> _What the task asks_
All lines below between the line with "开车没走高速,结果原本两个小" and the line with "相信大家对APP拉新这种玩法", including both, must be copied exactly, and the pictures must be omitted.

(Information provided Opens)

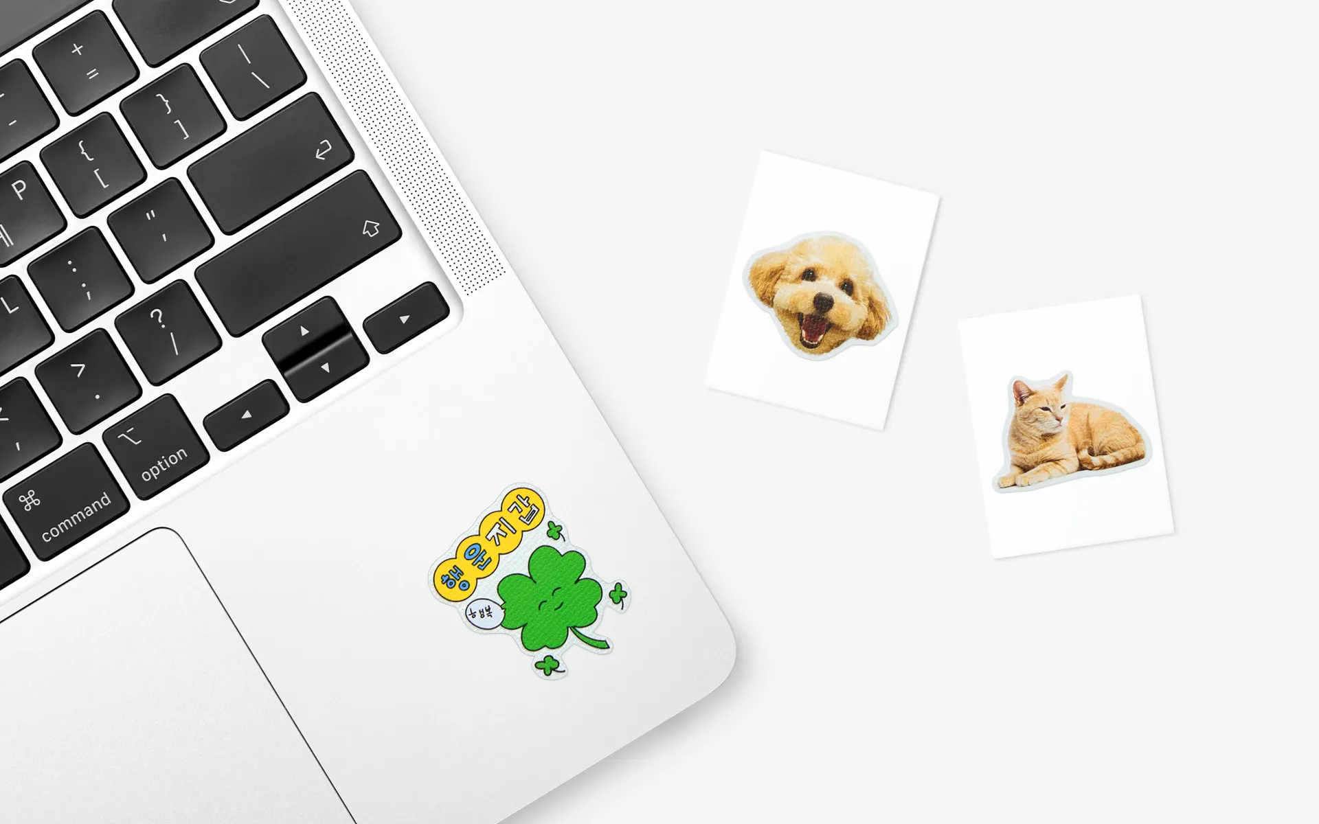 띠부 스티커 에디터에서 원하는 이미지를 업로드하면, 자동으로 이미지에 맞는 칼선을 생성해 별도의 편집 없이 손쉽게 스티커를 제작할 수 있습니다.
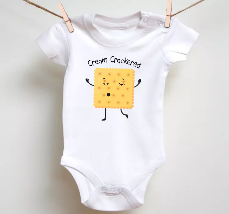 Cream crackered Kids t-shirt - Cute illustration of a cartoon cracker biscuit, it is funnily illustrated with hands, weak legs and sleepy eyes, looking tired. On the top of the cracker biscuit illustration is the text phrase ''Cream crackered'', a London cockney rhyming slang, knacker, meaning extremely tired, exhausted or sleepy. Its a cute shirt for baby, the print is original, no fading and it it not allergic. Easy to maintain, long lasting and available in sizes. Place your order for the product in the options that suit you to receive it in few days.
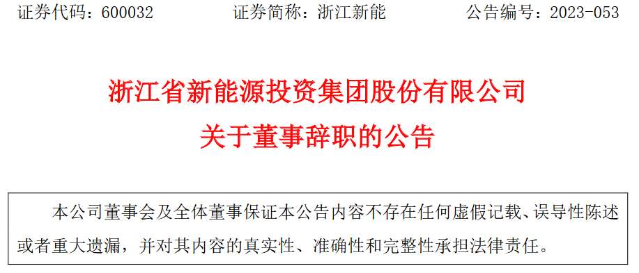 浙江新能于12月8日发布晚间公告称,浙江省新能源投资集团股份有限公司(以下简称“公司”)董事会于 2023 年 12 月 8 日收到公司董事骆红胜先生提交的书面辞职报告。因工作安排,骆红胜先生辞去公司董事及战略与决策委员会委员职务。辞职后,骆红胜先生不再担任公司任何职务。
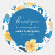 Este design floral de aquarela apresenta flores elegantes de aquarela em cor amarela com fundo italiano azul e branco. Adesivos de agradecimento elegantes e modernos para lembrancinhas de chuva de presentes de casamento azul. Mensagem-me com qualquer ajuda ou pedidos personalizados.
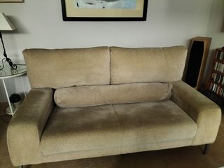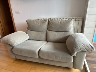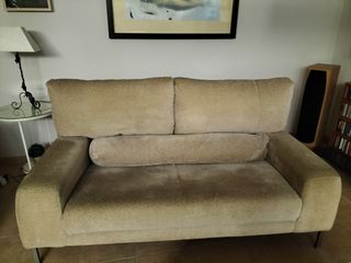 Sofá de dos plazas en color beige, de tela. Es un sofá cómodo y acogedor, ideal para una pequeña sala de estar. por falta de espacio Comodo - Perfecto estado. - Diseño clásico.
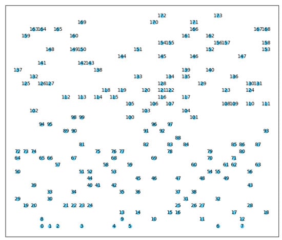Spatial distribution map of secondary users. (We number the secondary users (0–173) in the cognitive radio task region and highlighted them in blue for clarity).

(Information provided Closes)
(Information provided Opens)

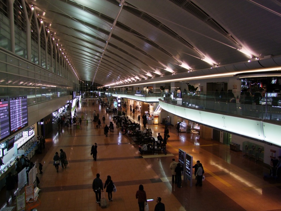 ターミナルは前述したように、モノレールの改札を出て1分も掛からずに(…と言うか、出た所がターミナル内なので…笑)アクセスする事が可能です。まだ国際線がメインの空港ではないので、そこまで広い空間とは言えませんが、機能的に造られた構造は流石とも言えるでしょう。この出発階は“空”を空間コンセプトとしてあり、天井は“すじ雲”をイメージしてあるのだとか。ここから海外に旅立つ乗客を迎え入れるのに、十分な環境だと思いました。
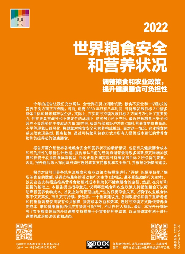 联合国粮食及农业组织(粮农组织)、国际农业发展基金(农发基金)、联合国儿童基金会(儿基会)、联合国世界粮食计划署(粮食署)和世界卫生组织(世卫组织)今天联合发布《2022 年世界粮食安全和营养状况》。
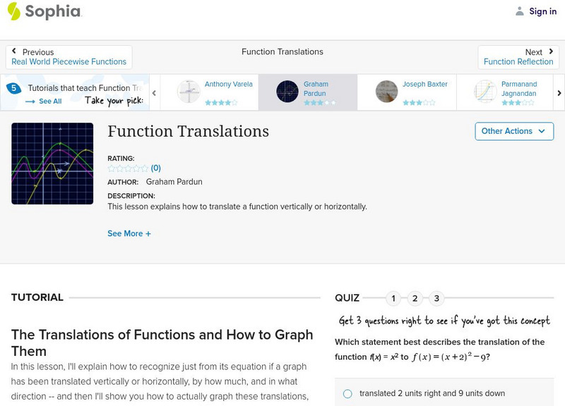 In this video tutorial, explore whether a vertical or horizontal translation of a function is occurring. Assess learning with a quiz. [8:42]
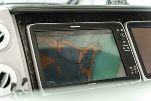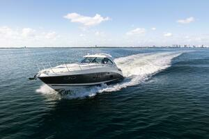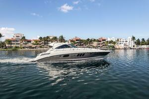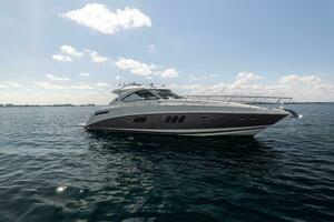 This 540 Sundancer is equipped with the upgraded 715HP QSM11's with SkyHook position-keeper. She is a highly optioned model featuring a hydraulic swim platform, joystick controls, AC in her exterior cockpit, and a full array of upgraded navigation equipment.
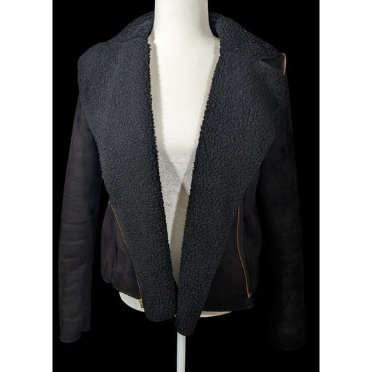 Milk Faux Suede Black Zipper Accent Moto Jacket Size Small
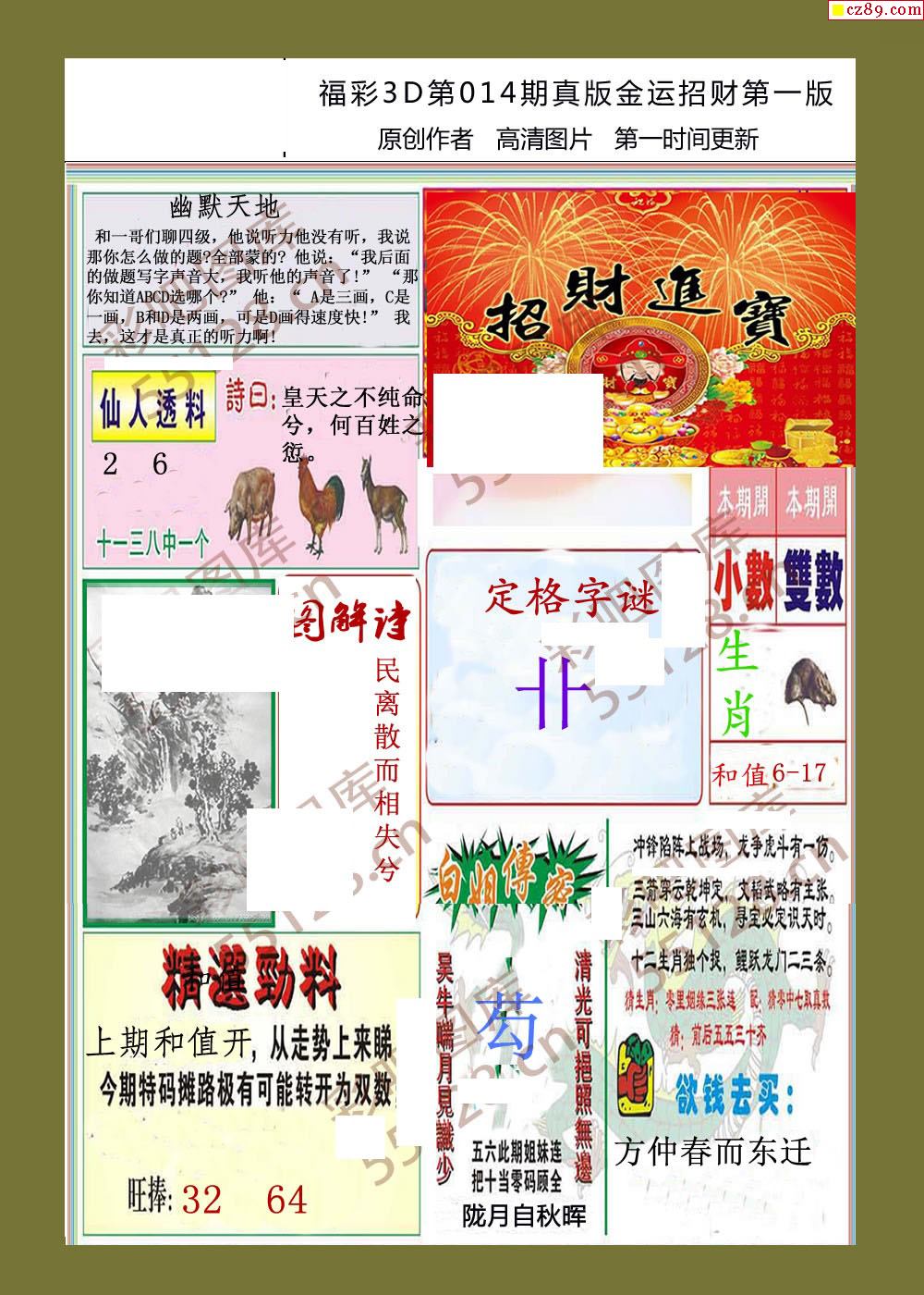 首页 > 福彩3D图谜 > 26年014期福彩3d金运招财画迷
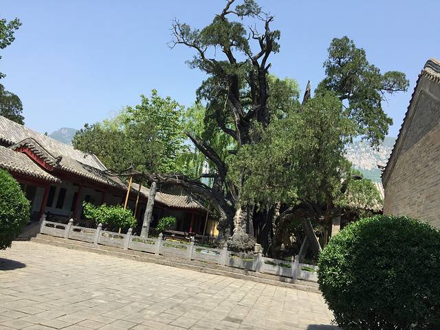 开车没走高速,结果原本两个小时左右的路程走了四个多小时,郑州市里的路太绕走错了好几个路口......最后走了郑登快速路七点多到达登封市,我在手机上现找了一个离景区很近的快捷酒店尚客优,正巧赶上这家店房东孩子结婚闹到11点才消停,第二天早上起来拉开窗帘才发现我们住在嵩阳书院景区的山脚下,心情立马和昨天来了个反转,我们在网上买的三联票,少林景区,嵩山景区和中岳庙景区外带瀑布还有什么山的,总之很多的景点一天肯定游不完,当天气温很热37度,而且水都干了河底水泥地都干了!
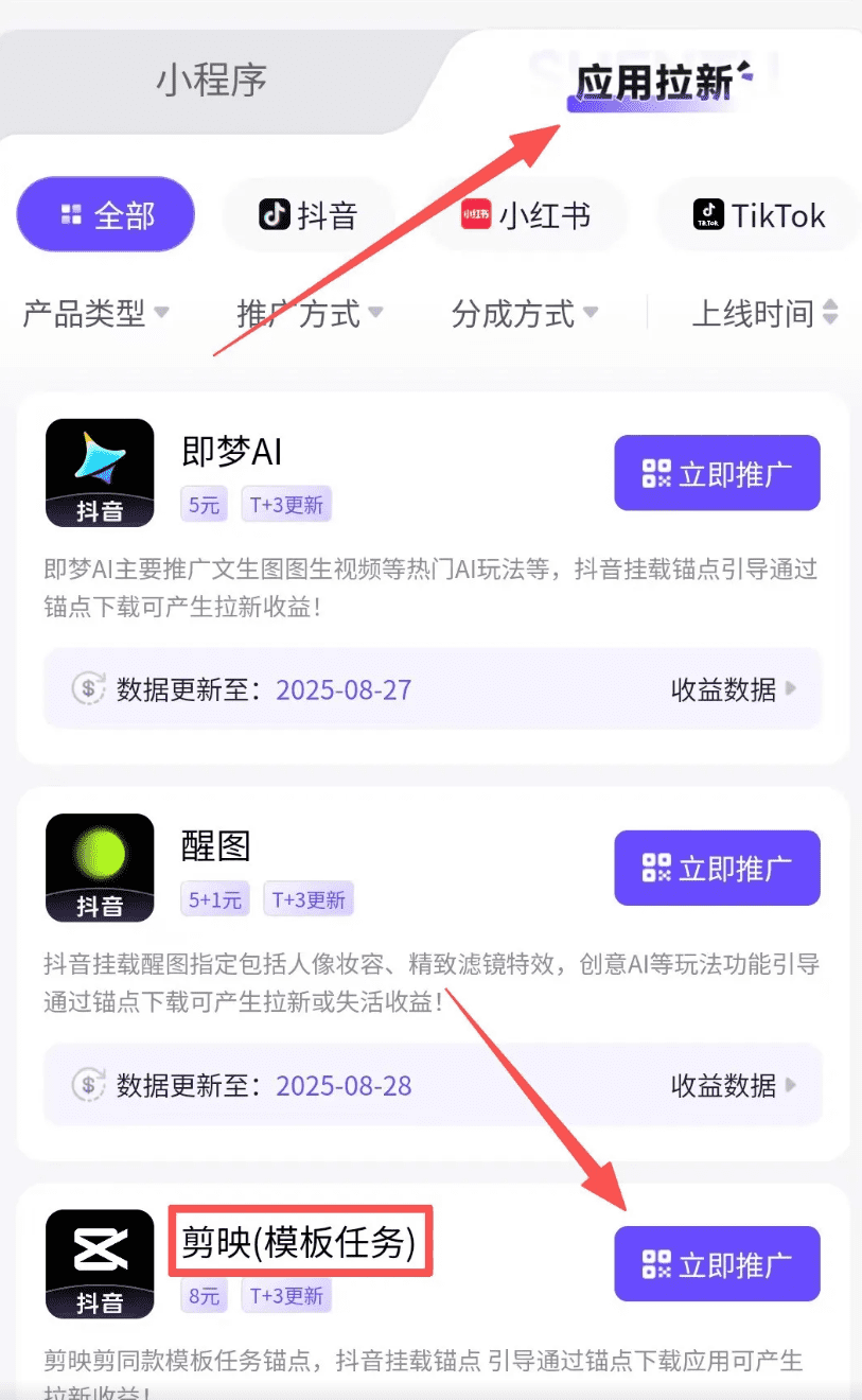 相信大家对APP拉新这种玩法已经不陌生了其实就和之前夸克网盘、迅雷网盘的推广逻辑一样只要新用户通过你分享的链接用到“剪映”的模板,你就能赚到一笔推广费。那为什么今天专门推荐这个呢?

(Information provided Closes)
(Information provided Opens)

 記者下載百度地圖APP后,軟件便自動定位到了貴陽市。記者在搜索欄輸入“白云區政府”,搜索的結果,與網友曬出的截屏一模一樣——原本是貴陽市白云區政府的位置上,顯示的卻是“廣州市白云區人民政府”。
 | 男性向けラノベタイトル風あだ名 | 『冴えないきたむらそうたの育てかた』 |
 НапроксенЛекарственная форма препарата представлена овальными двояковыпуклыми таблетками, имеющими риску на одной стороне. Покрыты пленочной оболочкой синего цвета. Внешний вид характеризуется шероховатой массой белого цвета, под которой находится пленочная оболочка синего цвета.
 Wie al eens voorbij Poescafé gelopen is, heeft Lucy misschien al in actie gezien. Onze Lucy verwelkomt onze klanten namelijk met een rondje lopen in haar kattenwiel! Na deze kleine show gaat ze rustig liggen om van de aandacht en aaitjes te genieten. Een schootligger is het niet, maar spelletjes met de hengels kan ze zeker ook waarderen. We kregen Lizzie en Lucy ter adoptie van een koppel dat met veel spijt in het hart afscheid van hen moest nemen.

(Information provided Closes)

> _Written response_
 开车没走高速,结果原本两个小时左右的路程走了四个多小时,郑州市里的路太绕走错了好几个路口......最后走了郑登快速路七点多到达登封市,我在手机上现找了一个离景区很近的快捷酒店尚客优,正巧赶上这家店房东孩子结婚闹到11点才消停,第二天早上起来拉开窗帘才发现我们住在嵩阳书院景区的山脚下,心情立马和昨天来了个反转,我们在网上买的三联票,少林景区,嵩山景区和中岳庙景区外带瀑布还有什么山的,总之很多的景点一天肯定游不完,当天气温很热37度,而且水都干了河底水泥地都干了!
 相信大家对APP拉新这种玩法已经不陌生了其实就和之前夸克网盘、迅雷网盘的推广逻辑一样只要新用户通过你分享的链接用到“剪映”的模板,你就能赚到一笔推广费。那为什么今天专门推荐这个呢?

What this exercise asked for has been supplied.